Pattern matching problem. This time, it doesn't print out any thing
and just soaks up my CPU. I tried slowly adding more and more for it
to do, and it worked great -- until TABLE7. Then it just soaks up my
CPU and makes me cry. At first, when nothing was printing, I added
$stdout.flush to make it print. But it didn't print!

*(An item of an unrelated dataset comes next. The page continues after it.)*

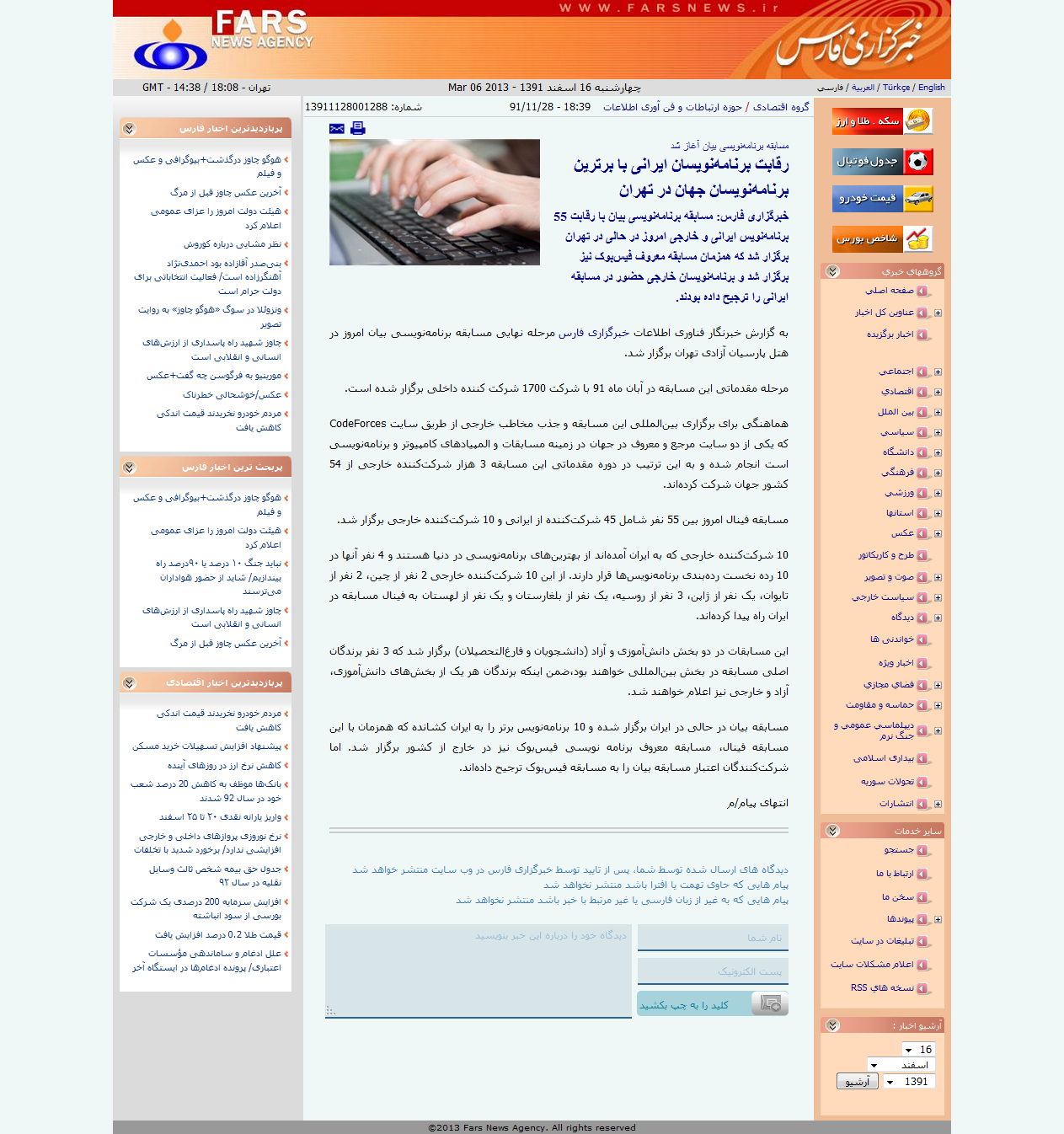 نماینده Codeforces برای نظارت و ارزیابی سطح این مسابقات در دور نهایی در تهران حضور یافت و کل مسابقات نیز به صورت آنلاین از این سایت و چند سایت دیگر فعال در این حوزه گزارش شد.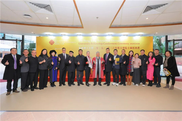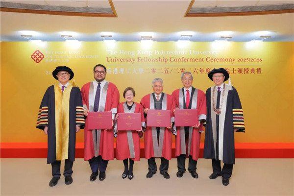 香港理工大学举行大学院士颁授典礼,校董会主席林大辉博士(左一)和校长腾锦光教授(右一)欢迎四位新任大学院士:陈淑玲女士(左三)、梁甜昭教授(右二)、伍尚匡先生(左二)及杨勋先生(右三)加入理大家庭。 香港理工大学于2026年1月21日举行2025/2026年度大学院士颁授典礼,表彰4位对社会及大学发展作出杰出贡献的领袖人士。其中,旭日集团副董事长兼总经理、香港纺织商会会长杨勋先生,凭借其在企业发展、教育推广及慈善服务方面的卓越成就,获颁大学院士荣衔,成为瞩目焦点。 杨勋先生为香港著名企业家,一直致力推动时装及纺织业发展。他热心公益,长年支持社区及教育项目,尤以对香港理工大学的贡献尤为显著。他积极促进学术界与产业界的合作,推动应用研究及人才培育,对理大纺织及服装学院的发展作出重大贡献。

This makes me
think that it's something in the when part.

Whats going on?

Help!


lines.each do |line|
case line
when /
^"(.*)","(.*)","(.*)","(.*)","(.*)","(.*)","(.*)","(.*)","(.*)","(.*)","
(.*)","(.*)","(.*)","(.*)","(.*)","(.*)","(.*)","(.*)","(.*)","(.*)","(.
*)","(.*)","(.*)","(.*)","(.*)","(.*)","(.*)","(.*)","(.*)","(.*)","(.*)
","(.*)"$/
TABLE1.puts("\"#{$1}\",\"#{$2}\",\"#{$3}\",\"#{$4}\",\"#{$5}\",
\"#{$6}\",\"#{$7}\",\"#{$8}\",\"#{$9}\""); print '-'; $stdout.flush
TABLE2.puts("\"#{$10}\",\"#{$11}\",\"#{$12}\"");
print '-'; $stdout.flush
TABLE3.puts("\"#{$13}\",\"#{$14}\",\"#{$15}\"");
print '-'; $stdout.flush
TABLE4.puts("\"#{$16}\",\"#{$17}
\""); print '-'; $stdout.flush
TABLE5.puts("\"#{$18}\",\"#{$19}
\""); print '-'; $stdout.flush
TABLE6.puts("\"#{$20}\",\"#{$21}
\""); print '-'; $stdout.flush
TABLE7.print("\"#{$22}\",\"#{$23}
\""); print'!'; $stdout.flush
TABLE7.print("\"#{$24}\",\"#{$25}
\""); print'!'; $stdout.flush
TABLE7.print("\"#{$26}\",\"#{$27}
\""); print'!'; $stdout.flush
TABLE7.print("\"#{$28}\",\"#{$29}
\""); print'!'; $stdout.flush
TABLE7.print("\"#{$30}\",\"#{$31}\",\"#{$32}\"");
print '-'; $stdout.flush
# TABLE8.puts("\"#{33}\",\"#{34}
\""); print '-'; $stdout.flush

puts;
$stdout.flush
print
'.';
$stdout.flush
else
print '$'
end
end



-------------------------------------------------------|
~ Ari
crap my sig won't fit
 
M

Michael Glaesemann

/
^"(.*)","(.*)","(.*)","(.*)","(.*)","(.*)","(.*)","(.*)","(.*)","(.*)"
,"(.*)","(.*)","(.*)","(.*)","(.*)","(.*)","(.*)","(.*)","(.*)","(.*)"
,"(.*)","(.*)","(.*)","(.*)","(.*)","(.*)","(.*)","(.*)","(.*)","(.*)"
,"(.*)","(.*)"$/

You don't happen to be trying to parse a CSV file by any chance? If
so, why not use FasterCSV?

Michael Glaesemann
grzm seespotcode net
 
J

Jim Clark

Ari said:
Pattern matching problem. This time, it doesn't print out any thing
and just soaks up my CPU. I tried slowly adding more and more for it
to do, and it worked great -- until TABLE7. Then it just soaks up my
CPU and makes me cry. At first, when nothing was printing, I added
$stdout.flush to make it print. But it didn't print! This makes me
think that it's something in the when part.

Whats going on?

Help!


lines.each do |line|
case line
when
/^"(.*)","(.*)","(.*)","(.*)","(.*)","(.*)","(.*)","(.*)","(.*)","(.*)","(.*)","(.*)","(.*)","(.*)","(.*)","(.*)","(.*)","(.*)","(.*)","(.*)","(.*)","(.*)","(.*)","(.*)","(.*)","(.*)","(.*)","(.*)","(.*)","(.*)","(.*)","(.*)"$/
There are several ways to optimize the regular expression but the most
important thing is to not be greedy. What I mean by this is that using
(.*) matches everything to the end of the line and then the regular
expression backtracks to find the next " character specified. It will
choose the " character closest to the end of the line but that is not
the one you want so it backtracks again and again and so on wasting CPU
cycles.

Instead of being greedy and using "(.*)", your best bet would be to use
"([^"]*)". This assumes that there are no " characters within each
field. This stops the regex from getting past the next " character of
each field and eliminates all that backtracking.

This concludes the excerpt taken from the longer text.